Running Your First Marathon? Here’s What to Know

preventive foot care Beverly Hills, CASo you’ve decided to go for it – your first marathon. Training for this life-changing event makes an extremely beneficial impact on your diet, sleep patterns and social life. Before you begin training, it’s important to get the green light from your doctor to ensure that you’re in good physical health. And remember that your body will need to adapt slowly to your training regimen, generally in at least six weeks. To help get you off on the right foot, here are some first-time marathon training tips:

  • Wear the right shoes. Visit a running store or shoe specialist to determine the shoe that’s best for you. Be sure to tell them how often you run, your weekly mileage to date, your marathon goal and which surfaces you run on to find the best shoe for you.
  • Log your training. Keep track of your run times, mileage, race time and distance.
  • Run 3 to 4 times a week. This should include one long run, two runs that are a little shorter, and one optional easy recover run.

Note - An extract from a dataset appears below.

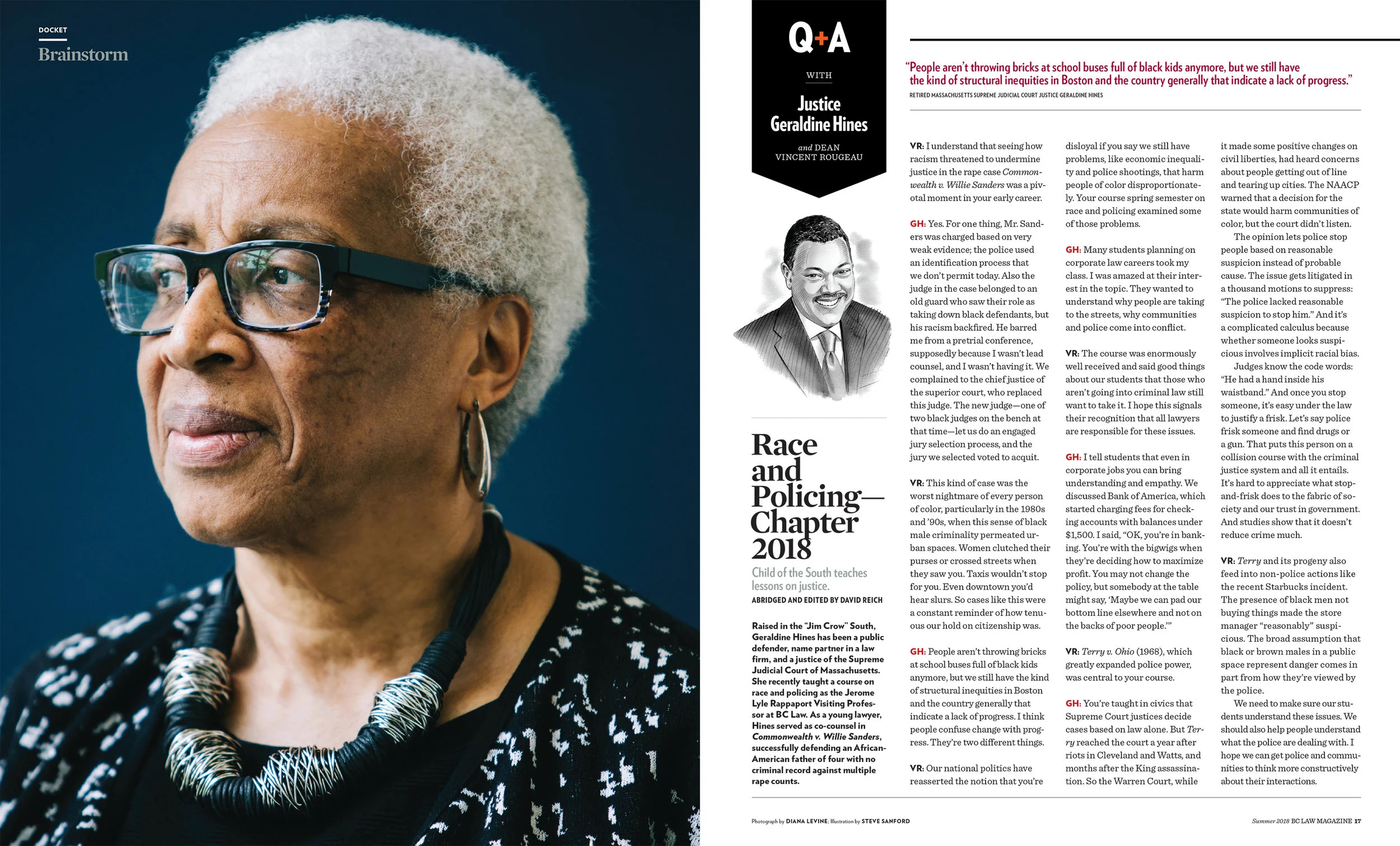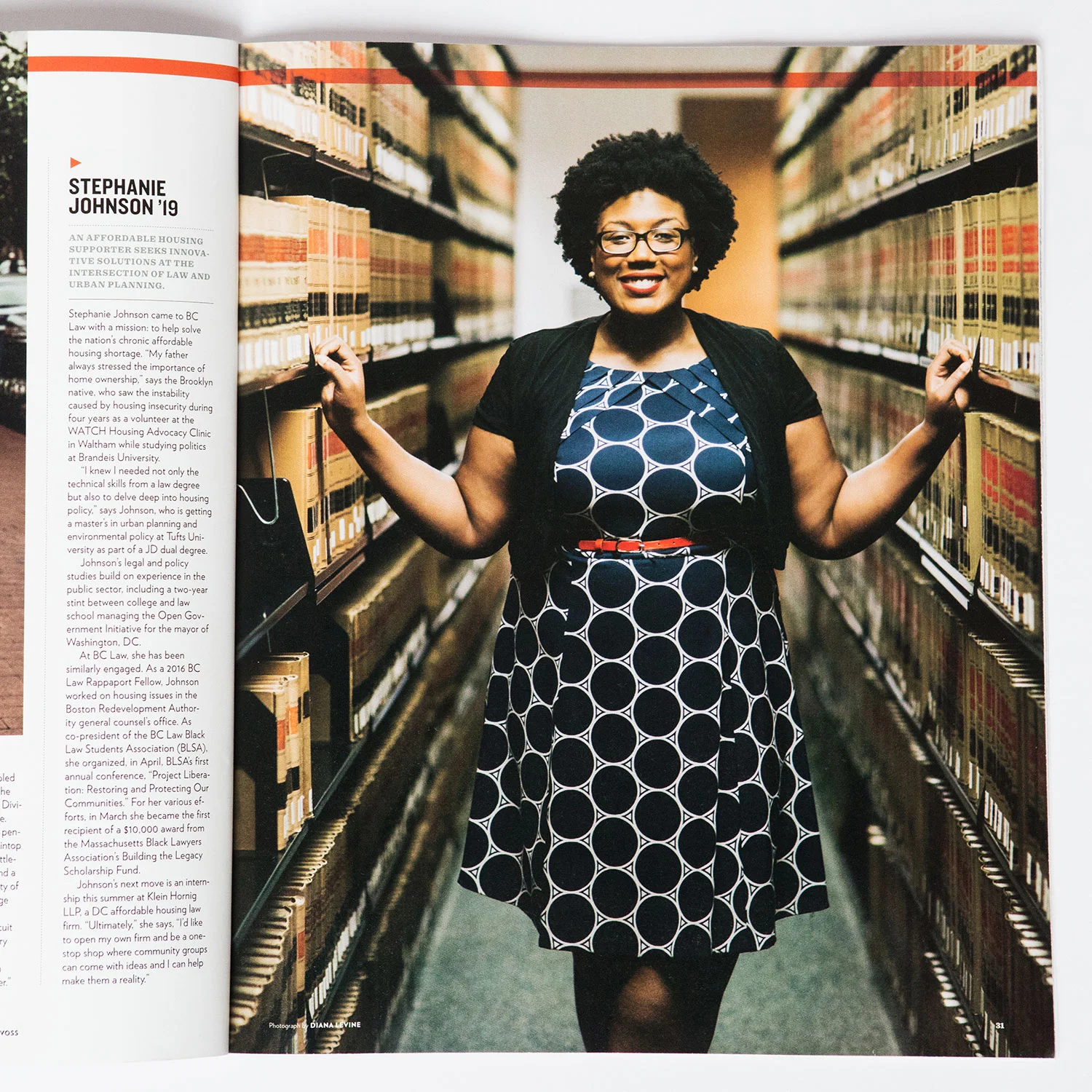 It was an honor to photograph The Honorable Geraldine Hines, retired Supreme Court of MA Justice, Dr. Leslie Shaff, and Stephanie Johnson, for BC Law Magazine! Art Direction by Bob Parsons / Seven Elm. Photos by Diana Levine / dianalevine.com. July 2018.

To help with speed, run slightly faster in short times and distances, and for strength, include some hills in your run once a week.
  • Cross-train. To help with aerobic conditioning, consider cross-training once or twice a week by cycling or swimming for about 45 minutes each time at a moderate level of intensity.
  • Take your resting pulse. Monitor your resting heart rate each morning when you wake up and log it in your training log. After about a week you should have a baseline number, and as your physical activity improves, your resting pulse will go down. Make sure to take note if your resting heart rate increases suddenly by 10% or more, as this can indicate fatigue or an oncoming illness. It’s a good idea to take it easy that day.
  • Alternate hard days. Don’t overdo it by running long distances twice in a row. Take a day off in between, or opt for an easy day instead. And always allow at least one day a week off completely to rest and recover.
  • Recruit a support team. Knowing that you have support from your family and friends while your train can go a long way, so enlist a cheering squad of sorts to help keep you focused and positive.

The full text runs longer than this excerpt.